Items from a dataset:
-=-=-=-=-
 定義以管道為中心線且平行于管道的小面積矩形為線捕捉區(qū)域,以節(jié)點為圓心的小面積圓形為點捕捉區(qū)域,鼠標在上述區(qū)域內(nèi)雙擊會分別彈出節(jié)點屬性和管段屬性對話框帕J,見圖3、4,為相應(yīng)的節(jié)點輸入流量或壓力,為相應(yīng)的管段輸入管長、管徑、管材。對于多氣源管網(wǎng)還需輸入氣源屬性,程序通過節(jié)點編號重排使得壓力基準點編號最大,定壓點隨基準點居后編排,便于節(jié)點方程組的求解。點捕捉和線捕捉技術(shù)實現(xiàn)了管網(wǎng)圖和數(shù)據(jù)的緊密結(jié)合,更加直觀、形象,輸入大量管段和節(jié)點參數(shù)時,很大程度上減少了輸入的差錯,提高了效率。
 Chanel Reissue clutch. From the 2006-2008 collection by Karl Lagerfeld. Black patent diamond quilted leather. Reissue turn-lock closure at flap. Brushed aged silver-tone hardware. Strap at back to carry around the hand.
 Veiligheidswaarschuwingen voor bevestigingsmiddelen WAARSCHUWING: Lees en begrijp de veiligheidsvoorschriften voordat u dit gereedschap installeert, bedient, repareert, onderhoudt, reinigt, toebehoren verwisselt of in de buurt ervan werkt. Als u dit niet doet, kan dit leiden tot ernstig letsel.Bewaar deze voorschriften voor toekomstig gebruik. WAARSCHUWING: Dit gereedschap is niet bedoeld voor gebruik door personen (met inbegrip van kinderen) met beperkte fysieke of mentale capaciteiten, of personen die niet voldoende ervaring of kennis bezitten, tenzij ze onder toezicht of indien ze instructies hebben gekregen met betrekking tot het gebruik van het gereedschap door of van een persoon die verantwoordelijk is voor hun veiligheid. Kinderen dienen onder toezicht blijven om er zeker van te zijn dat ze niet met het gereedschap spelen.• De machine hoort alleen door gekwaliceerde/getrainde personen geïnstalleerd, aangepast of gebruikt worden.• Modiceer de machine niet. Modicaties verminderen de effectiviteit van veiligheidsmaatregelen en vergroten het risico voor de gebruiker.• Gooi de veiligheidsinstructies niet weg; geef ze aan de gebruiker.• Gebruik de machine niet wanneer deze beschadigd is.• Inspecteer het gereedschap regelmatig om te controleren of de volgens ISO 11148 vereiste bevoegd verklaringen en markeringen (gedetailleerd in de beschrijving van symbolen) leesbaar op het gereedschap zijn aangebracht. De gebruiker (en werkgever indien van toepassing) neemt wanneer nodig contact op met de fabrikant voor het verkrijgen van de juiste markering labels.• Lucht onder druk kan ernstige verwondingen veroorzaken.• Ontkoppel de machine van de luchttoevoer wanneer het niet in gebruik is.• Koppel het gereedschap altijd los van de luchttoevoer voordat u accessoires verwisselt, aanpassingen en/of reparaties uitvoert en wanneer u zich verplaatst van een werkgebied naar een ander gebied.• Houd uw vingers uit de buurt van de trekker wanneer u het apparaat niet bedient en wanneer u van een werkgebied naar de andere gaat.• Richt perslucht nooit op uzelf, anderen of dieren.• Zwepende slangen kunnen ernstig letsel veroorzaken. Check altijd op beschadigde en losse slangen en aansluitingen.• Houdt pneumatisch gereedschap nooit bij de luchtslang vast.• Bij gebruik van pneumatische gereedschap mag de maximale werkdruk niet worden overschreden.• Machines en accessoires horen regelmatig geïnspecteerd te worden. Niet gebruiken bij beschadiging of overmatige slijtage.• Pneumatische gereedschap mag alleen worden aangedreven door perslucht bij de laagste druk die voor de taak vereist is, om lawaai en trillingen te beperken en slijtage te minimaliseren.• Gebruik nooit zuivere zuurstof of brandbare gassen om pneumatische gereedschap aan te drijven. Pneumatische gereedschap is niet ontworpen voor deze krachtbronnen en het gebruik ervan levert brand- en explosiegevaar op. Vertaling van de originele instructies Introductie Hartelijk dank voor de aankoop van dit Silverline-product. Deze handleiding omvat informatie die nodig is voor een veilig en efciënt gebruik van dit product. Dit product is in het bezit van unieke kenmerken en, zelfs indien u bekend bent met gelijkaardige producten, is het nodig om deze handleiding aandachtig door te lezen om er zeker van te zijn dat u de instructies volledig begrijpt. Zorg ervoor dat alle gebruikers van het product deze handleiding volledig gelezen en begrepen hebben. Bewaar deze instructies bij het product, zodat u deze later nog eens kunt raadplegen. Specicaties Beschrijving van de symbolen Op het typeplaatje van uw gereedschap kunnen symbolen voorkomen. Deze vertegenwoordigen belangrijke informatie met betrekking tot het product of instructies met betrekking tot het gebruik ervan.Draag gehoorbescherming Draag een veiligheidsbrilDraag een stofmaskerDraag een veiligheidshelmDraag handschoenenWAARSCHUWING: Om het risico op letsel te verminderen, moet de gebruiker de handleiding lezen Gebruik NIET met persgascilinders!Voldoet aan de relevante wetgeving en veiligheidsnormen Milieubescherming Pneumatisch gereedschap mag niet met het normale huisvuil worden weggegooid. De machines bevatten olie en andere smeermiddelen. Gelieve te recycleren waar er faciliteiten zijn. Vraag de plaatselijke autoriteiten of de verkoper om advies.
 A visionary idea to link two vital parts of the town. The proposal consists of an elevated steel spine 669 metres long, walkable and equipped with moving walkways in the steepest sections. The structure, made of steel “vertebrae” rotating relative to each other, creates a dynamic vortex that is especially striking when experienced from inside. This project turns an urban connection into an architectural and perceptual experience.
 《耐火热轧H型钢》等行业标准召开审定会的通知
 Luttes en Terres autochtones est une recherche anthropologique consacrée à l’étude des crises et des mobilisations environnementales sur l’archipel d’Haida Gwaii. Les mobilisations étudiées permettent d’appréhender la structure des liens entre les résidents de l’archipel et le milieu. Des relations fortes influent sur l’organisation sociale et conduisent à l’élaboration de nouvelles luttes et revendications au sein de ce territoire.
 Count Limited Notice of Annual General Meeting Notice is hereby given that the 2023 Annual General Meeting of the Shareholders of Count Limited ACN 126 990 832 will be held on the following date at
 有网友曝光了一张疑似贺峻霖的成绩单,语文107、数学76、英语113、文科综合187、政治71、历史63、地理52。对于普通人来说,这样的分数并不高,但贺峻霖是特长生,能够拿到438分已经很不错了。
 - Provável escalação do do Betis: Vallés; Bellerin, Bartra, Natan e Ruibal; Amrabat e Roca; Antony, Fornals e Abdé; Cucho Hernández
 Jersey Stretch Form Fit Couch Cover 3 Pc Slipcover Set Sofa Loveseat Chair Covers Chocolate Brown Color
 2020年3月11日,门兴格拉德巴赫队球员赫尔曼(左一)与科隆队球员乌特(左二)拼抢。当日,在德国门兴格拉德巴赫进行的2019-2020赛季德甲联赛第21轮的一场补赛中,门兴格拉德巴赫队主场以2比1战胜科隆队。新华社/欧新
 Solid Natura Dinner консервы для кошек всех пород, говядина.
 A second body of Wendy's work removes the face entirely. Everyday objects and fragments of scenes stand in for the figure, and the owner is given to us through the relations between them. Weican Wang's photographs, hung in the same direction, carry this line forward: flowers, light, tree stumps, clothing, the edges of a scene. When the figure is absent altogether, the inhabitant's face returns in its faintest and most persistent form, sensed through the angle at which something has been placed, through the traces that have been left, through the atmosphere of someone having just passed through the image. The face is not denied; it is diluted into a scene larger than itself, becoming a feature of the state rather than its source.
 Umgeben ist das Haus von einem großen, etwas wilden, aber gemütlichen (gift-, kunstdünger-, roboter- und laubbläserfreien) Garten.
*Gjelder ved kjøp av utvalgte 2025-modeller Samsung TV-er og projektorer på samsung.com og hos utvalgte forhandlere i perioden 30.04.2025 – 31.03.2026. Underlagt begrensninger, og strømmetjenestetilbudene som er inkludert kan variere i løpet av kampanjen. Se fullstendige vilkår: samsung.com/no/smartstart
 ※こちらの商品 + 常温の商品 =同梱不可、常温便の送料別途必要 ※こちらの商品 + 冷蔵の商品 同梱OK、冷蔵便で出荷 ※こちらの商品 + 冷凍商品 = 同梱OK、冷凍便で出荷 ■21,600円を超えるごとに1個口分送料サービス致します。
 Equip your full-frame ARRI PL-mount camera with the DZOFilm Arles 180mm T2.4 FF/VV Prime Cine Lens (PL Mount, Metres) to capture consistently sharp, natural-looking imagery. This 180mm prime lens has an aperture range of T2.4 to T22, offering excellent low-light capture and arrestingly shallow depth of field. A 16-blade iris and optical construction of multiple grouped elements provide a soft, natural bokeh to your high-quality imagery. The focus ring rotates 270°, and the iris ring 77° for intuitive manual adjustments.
-=-=-=-=-
Return only the lines between the one holding "fullstendige vilkår: samsung.com/no/smartstart" and the one holding "冷凍商品 = 同梱OK、冷凍便で出荷 ■21,600円を超えるごとに1個口分送料サービス致します。", inclusive, exactly as they appear above.

*Gjelder ved kjøp av utvalgte 2025-modeller Samsung TV-er og projektorer på samsung.com og hos utvalgte forhandlere i perioden 30.04.2025 – 31.03.2026. Underlagt begrensninger, og strømmetjenestetilbudene som er inkludert kan variere i løpet av kampanjen. Se fullstendige vilkår: samsung.com/no/smartstart
 ※こちらの商品 + 常温の商品 =同梱不可、常温便の送料別途必要 ※こちらの商品 + 冷蔵の商品 同梱OK、冷蔵便で出荷 ※こちらの商品 + 冷凍商品 = 同梱OK、冷凍便で出荷 ■21,600円を超えるごとに1個口分送料サービス致します。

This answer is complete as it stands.